I am always saying that as soon as this is over (whatever it is) things will get back to normal. I have yet to figure out what normal is however. Today started Ohio's gun season for deer, so 1000's of people are taking to the woods in search of that trophy buck, Sam included. He has already shot one doe which is in the freezer, so he will be watching for the big buck. I don't mind that he shoots one or two deer each year because we do eat it and I am even thinking of starting to make my own dog food with it. The deer population in our area is huge and if not for hunting, I think overpopulation would lead to starvation and even more deer being hit on the roads. So many are.

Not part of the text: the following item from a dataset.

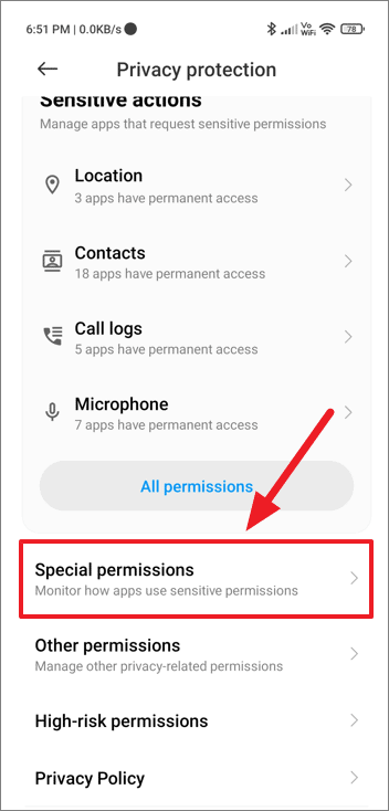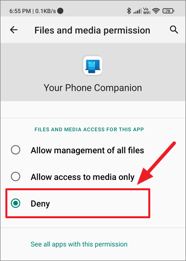 - Choose Files and media (or any other permission) and select Deny to revoke access.

The holidays and the shelter are managing to team up to keep me busy. We have been trying to close down the shelter for the winter since our building is inadequately insulated and heated and the location often makes it very difficult for volunteers to get there if the weather is bad. We are down to about a dozen cats and are planning an adoption day, but now we find out a local puppy mill is being forced to turn over some dogs, so we may be taking in 10 to 15 pomeranians tomorrow. Yikes! Sad to say, but I think they will find our chilly shelter to be the lap of luxury. We are also trying to put together a volunteer appreciation holiday dinner for next week and we have a booth at the Woodsfield Christmas Festival this weekend and will be doing a fundraiser there. I will also be there with my alpaca products. So you can see, things never seem to slow down.
On the farm, life continues as it should. Last weekend (before Thanksgiving), I spent a good part of Sunday moving alpacas around. I moved all the spring crias to the weaning pasture from the main barn, moved Lightning and Oscuro back down the road into the male herd since breeding season is over, and moved a couple adult females in with the 4 yearling females for the winter. This is a very stressful event for Rowdy since he has to stay on his cable tie. His herding instinct overpowers his good senses if he is not tied up and then my attempts at being calm and assertive with him go right out the window. The cable tie is the best solution!
Since winter is about upon us and it has been an extremely dry fall, the alpacas are pretty much eating hay now. That means it must be moved from the lofts in the horse barn to the various buildings. We have 4 different buildings on the farm that house alpacas, 3 of which are 3-sided sheds which have lofts across the front. The 4th is our main alpaca barn. Each shed can hold about 10 to 14 bales of hay, depending on the size of the building (1 is 10 X 20 and the other 2 are 8 X 16) and we can usually stack 20 bales or so in the main barn at a time. So in other words, moving hay is pretty much a weekly job for 3 months of the year.
We have this nifty little 4WD truck that we use for many farm chores. Here I have loaded 15 bales of hay onto it from the horse barn in the background and my co-pilot and I are about to take this hay over to the girls' barn, which is on the other side of the creek (which is still dry....unprecedented in late November!).
Since the creek is dry, I can either go down through it or go across the bridge, but I usually lose a bale or 2 coming up the other side, so I generally take the bridge.
Once across the creek, I back the little truck up to the barn and right into the main sliding door, turn off the engine, and unload the hay.
Then I stack it on pallets in the front corner of the barn where it will be handy come feeding time.
With the 3-sided sheds, I can back the truck into the buildings (except one) and then stand in the bed to put the bales up into the loft. Then I have to climb up into the loft and push the bales to the far end, trying not to hit my head on the rafters because it is only crawling room up there. Oh, and I also check for wasp and hornet nests if it is prior to first good frost! Don't want to be up there with an angry bunch of hornets!!
|Hay stacked in Girls' Barn|
So, I have a festival in Woodsfield this weekend. This is the 4th year for it and it has really grown. They actually sell vendor spaces in the courthouse, which is where I will be set up. I will take some hand made items and some commercially produced alpaca products and my spinning wheel to do demonstrations. I hope to have some more rugs done by Saturday and warped up my loom last week. Today I wove one rug and can do 2 more with this warp. Here is the end of the one I did today. I love the colors and can't wait to see how it will look once off the loom. I have the next one planned out, but still have to decide on the 3rd one. The weaving takes surprisingly little time once I get started.
I am also finishing up a pair of lacey fingerless mitts knitted from hand-spun hand-dyed yarn to sell at the festival. I'll try to remember my camera so I can take photos!